Evaluation of Treatment Failure in a Randomized, Open-Label Study of Paliperidone Palmitate Versus Oral Antipsychotics for Recent-Onset Schizophrenia or Schizophreniform Disorder

Authors  

Brianne Brown, Psy.D-Principal Medical Science Liaison, Janssen Scientific Affairs, LLC; Pamela Baker, PharmD-Clinical Project Scientist, Janssen Scientific Affairs, LLC; Amy O'Donnell, MD, JD, BS-Medical Safety Officer, Janssen Scientific Affairs, LLC; Ibrahim Turkoz, PhD-Director, Janssen Research & Development; Larry Alphs, MD, PhD, BSs-Therapeutic Area Leader, Janssen Scientific Affairs, LLC

Sponsor  
Janssen Scientific Affairs, LLC

Background: Despite the availability of effective treatments, outcomes for patients with schizophrenia remain poor. Nonadherence is common early in the disease course, a time when the greatest deterioration occurs.
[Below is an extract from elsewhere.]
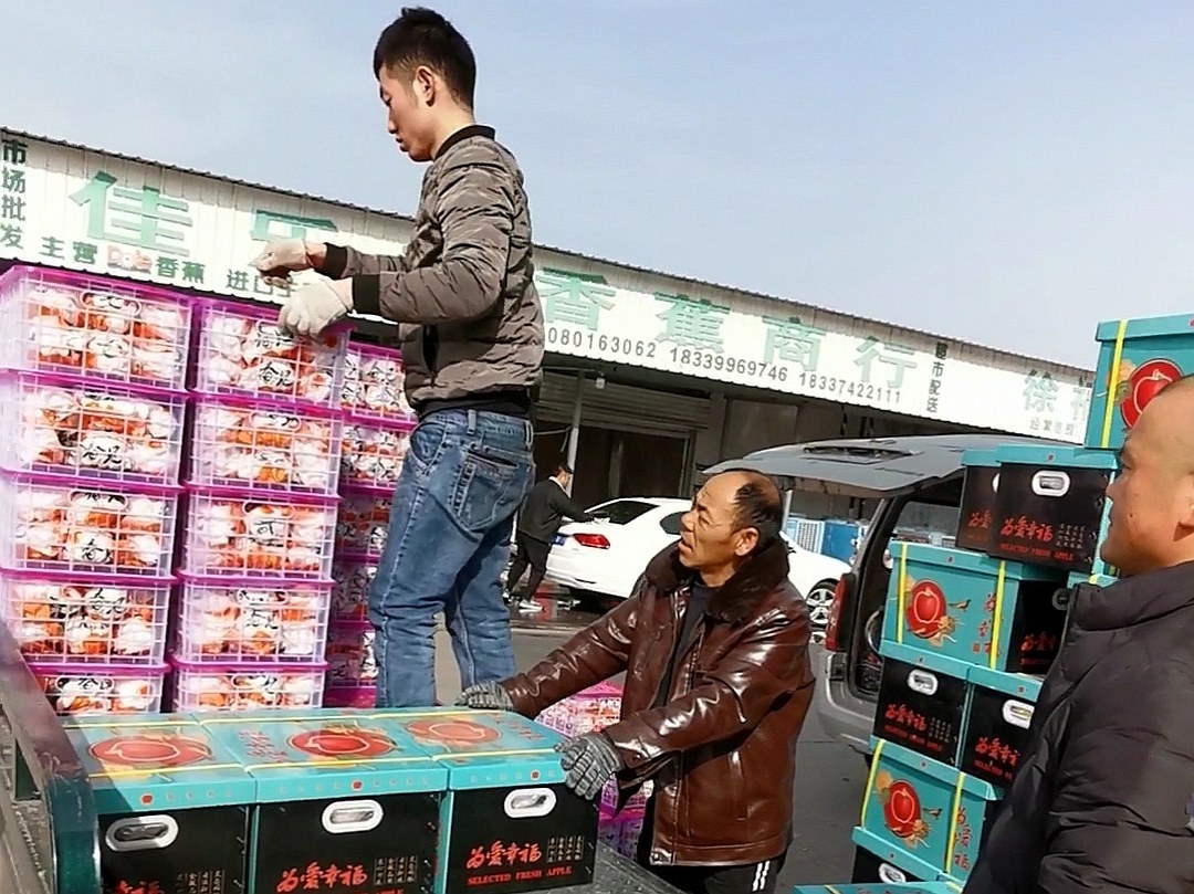 1月31日,在鮮之達中原國際農產品物流港,市民馬先生將選購的十幾箱水果塞進了自己開的面包車?!按汗澘斓搅?。按照許昌的習俗,春節前后要走親訪友,水果是必備的禮品?!瘪R先生說。
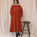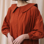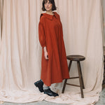 The Aralia is a statement dress for Autumn featuring a large collar, button down placket, voluminous midi length cut and side pockets.

Methods: DREaM (NCT02431702), a randomized, open-label study, compared paliperidone palmitate (PP) versus oral antipsychotics (OAPs) for time to first treatment failure (TtFTF) in recent-onset schizophrenia. It included 3 phases: Part I, 2-month oral run-in; Part II, 9-month disease progression phase (PP or OAP); and Part III, 9 months of additional treatment (PP/PP; OAP re-randomized: OAP/OAP or OAP/PP). PP/PP and OAP/OAP comprised the 18-month extended disease progression (EDP) phase.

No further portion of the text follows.